Discussion:
[Beowulf] Killing nodes with Open-MPI?
Chris Samuel
2017-10-26 11:42:51 UTC
Permalink
Hi folks,

I'm helping another group out and we've found that running an Open-MPI
program, even just a singleton, will kill nodes with Mellanox ConnectX 4 and 5
cards using RoCE (the mlx5 driver). The node just locks up hard with no OOPS
or other diagnostics and has to be power cycled.

Disabling openib/verbs support with:

export OMPI_MCA_btl=tcp,self,vader

stops the crashes, and whilst it's hard to tell strace seems to imply it hangs
when trying to probe for openib/verbs devices (or shortly after).

Nodes with ConnectX-3 cards (mlx4 driver) don't seem to have the issue and I'm
reasonably convinced this has to be a driver bug, or perhaps a bad interaction
with recent 4.11.x and 4.12.x kernels (they need those for CephFS).

They've got a bug open with Mellanox already but I was wondering if anyone
else had seen anything similar?

cheers!
Chris
--
Christopher Samuel Senior Systems Administrator
Melbourne Bioinformatics - The University of Melbourne
Email: ***@unimelb.edu.au Phone: +61 (0)3 903 55545

_______________________________________________
Beowulf mailing list, ***@beowulf.org sponsored by Penguin Computing
To change your subscription (digest mode or unsubscribe) visit http://www.beowulf.org/mailman/
Ryan Novosielski
2017-10-26 16:30:29 UTC
Permalink
Where is this driver from? OS, or OFED, or?

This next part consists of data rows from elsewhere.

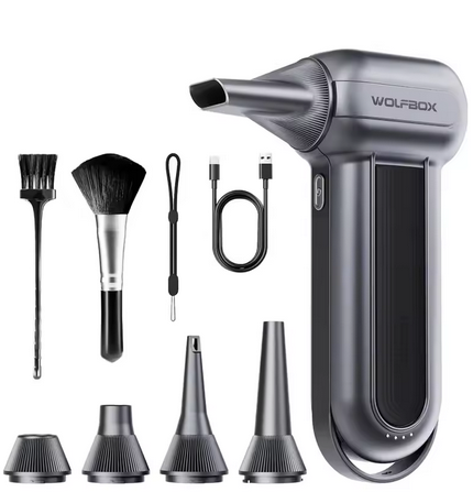 - Versatile Cleaning Tool: Featuring 5 nozzles and 2 brushes, the WOLFBOX electric air duster is perfect for cleaning electronics like PCs and keyboards, as well as for home, car, and outdoor use. It’s also great for inflating gear or managing campfires, making it a must-have for multiple scenarios.
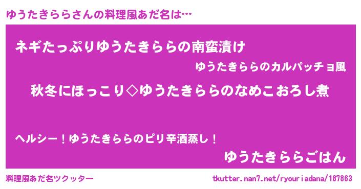 | 男性向けラノベタイトル風あだ名 | 『ゆうたきららに滅ぼされるだけの簡単なお仕事です』 |
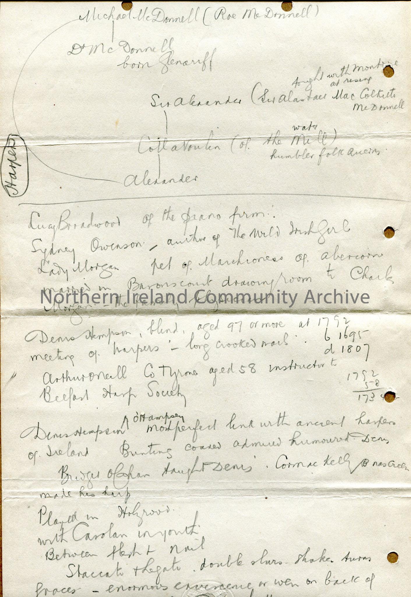 Handwritten notes re various harpers, including...

We use primarily MVAPICH2 but I would be curious to try to duplicate this on our mlx5 equipment.

What model cards do you have?
--
____
|| \\UTGERS, |---------------------------*O*---------------------------
||_// the State | Ryan Novosielski - ***@rutgers.edu<mailto:***@rutgers.edu>
|| \\ University | Sr. Technologist - 973/972.0922 (2x0922) ~*~ RBHS Campus
|| \\ of NJ | Office of Advanced Research Computing - MSB C630, Newark
`'

On Oct 26, 2017, at 07:43, Chris Samuel <***@unimelb.edu.au<mailto:***@unimelb.edu.au>> wrote:

Hi folks,

I'm helping another group out and we've found that running an Open-MPI
program, even just a singleton, will kill nodes with Mellanox ConnectX 4 and 5
cards using RoCE (the mlx5 driver). The node just locks up hard with no OOPS
or other diagnostics and has to be power cycled.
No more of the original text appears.